The Bali Action Plan included all the essentials of forest improvement i.e. reducing deforestation, conservation and sustainable management and enhancement of forest carbon stocks. Whether forests act as reservoirs, sinks for carbon from the atmosphere, or sources of GHGs depends on several factors such as the age of the forest, the management regime, other biotic and abiotic disturbances (e.g. insect pests, forest fires, etc.) and human-induced deforestation. Planting forests (afforestation and reforestation) clearly provides an opportunity to sequester carbon in vegetation and soils. However, it takes decades to restore carbon stocks that have been lost as a result of land-use changes. The reduction of deforestation and enhancement of forest carbon stocks are the two sides of the same coin, where one cannot do without the other. Both are equally important.

Conclusion

In the present study an attempt was made to estimate the carbon stock of the country for two assessment periods, because estimating forest biomass carbon is the most critical step in quantifying carbon stocks and fluxes from forests. The carbon stock in India's forest biomass decreased continuously from 2003 onwards, despite slight increase in forest cover. Increasing forest cover will not help in REDD implementation unless deforestation and degradation will not be reduced because country's forest cover has already been degraded and dense forests are losing their crown density and productivity continuously. REDD implementation will be a challenge for India because of the complexity of the different elements influencing deforestation and forest degradation and requires a range of policy approaches and positive incentives to address the challenges. However with the rate of carbon loss from the forest biomass in the ASP II had dropped by 38.27% in comparison to ASP I. This is mainly because the forest cover which earlier decreased from 23.57% in 2003 to 23.41% in 2005 thereafter increased to a record forest cover of 23.84% in 2007 It was observed that with the increase in forest cover of the country the CO2 emission from the forestry sector had also started decreasing. With the Copenhagen Accord, India along with other BASIC countries China, Brazil and South Africa is voluntarily going to cut emissions. India will voluntary reduce the emission intensity of its GDP by 20-25% by 2020 in comparison to 2005 level. Activities like REDD+ can provide a relatively cost-effective way of offsetting emissions, either by increasing the removals of greenhouse gases from the atmosphere by afforestation programmes, managing forests, or by reducing emissions through deforestation and degradation.

Methods

The total standing above-ground biomass of woody vegetation is often one of the largest carbon pools. The above-ground biomass comprises all woody stems, branches, leaves of living trees, creepers, climbers, and epiphytes as well as herbaceous undergrowth. Estimation of carbon stocks stored in Indian forests, in the present study is based on the secondary data of growing stock data published by Forest survey of India [28, 29, 9] in the State of Forest Reports. Assessment of biomass was based on the consideration that all lands, more than one hectare in area, with a tree canopy density of more than 10 per cent are defined as 'Forest'. The satellite data used for 2003 related to the period from 2001 to 2003, the data for the 2005 assessment related to the period from 2003 to 2005, and for 2009, pertained to 2006 to 2007.

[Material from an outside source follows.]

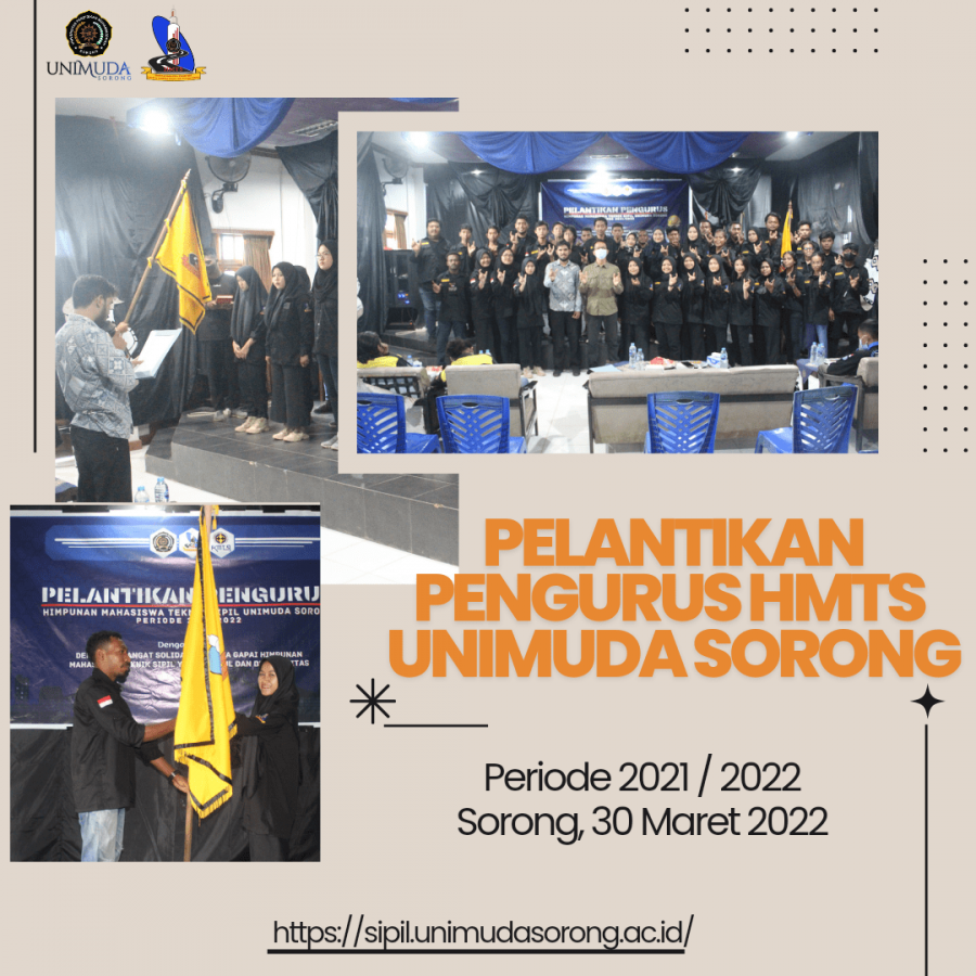 Teknik Sipil UNIMUDA Sorong | Himpunan Mahasiswa Teknik Sipil (HMTS) UNIMUDA Sorong mengadakan Pelantikan bagi Kepengurusan Himpunan yang baru yaitu Periode 2021 – 2022 pada 30 Maret 2022. Sebanyak 38 Mahasiswa Teknik Sipil yang tergabung dalam Kepengurusan HMTS yang baru dilantik oleh Sekretaris Program Studi (Mewakili Kaprodi Teknik Sipil UNIMUDA), Bapak Andi Rahmat, S.T. M. Eng. Dan kegiatan Pelantikan pun turut mengundang Dekan Fakultas Sains & Teknologi, Bapak Yusup Sopian, S.Pt. M.Sc.

Suitable biomass increment values (expansion and conversion for calculating total tree above ground biomass) and the ratio of below and above ground biomass (for calculating total tree biomass above and below ground) as available in different studies covering a range of forest types of the country were used in the present study. The various factors used in this study are given in Table 1.

Estimation of carbon stocks present in biomass is based either on IPCC (Good Practice guidelines (IPCC, GPG, 2003) or published literature for conversion and other factors starting from the growing stock (GS) data of forest inventories. The biomass in this study was calculated as;

AGB = G stk × MD × B exf

Where,

AGB Above Ground Biomass Mt

Gstk = Growing Stock in Mm3

MD = Mean density

Bexf = Biomass expansion factor

The Below Ground Biomass was calculated by root shoot ratio:

BGB = AGB × R bel . ab

Where,

BGB = Below Ground Biomass Mt

Rbel.ab = Ratio Below to Above Ground Biomass

The total biomass was estimated as;

T bm = AGB + BGB

In general, other forest floor biomass accounts for less than 2 percent of total biomass of closed forest formations [30, 31]. However for this study, ratio was adopted based on the published records for different vegetation types and different localities, and also keeping in view its application and representation for the country level estimates [32–35]. The forest floor biomass was estimated by the following.

F fb = T bm × R tbm

Where,

Ffb = forest floor biomass in Mt

Tbm = Total biomass in Mt

Rtbm = Ratio to total biomass in Mt

Total forest biomass was estimate as;

TFB = T bm + F fb

To estimate the total dry weight in biomass 80% of total forest biomass was considered. Biomass material contains about 40% carbon by weight. The variability of approximately 9% depends on the nature of the biomass material [36, 37] although most studies have used the carbon proportions between 40 to 50% depending on the requirements [38–43].

The carbon content of vegetation is surprisingly constant across a wide variety of species. Most of the information for carbon estimation described in the literature suggests that carbon constitutes between 45 to 50 percent of dry matter [44, 45]. To estimate the total amount of carbon stocked in India's forests, dry weight of biomass was converted into carbon by multiplying with a factor of 0.45 as used by Woomer [46].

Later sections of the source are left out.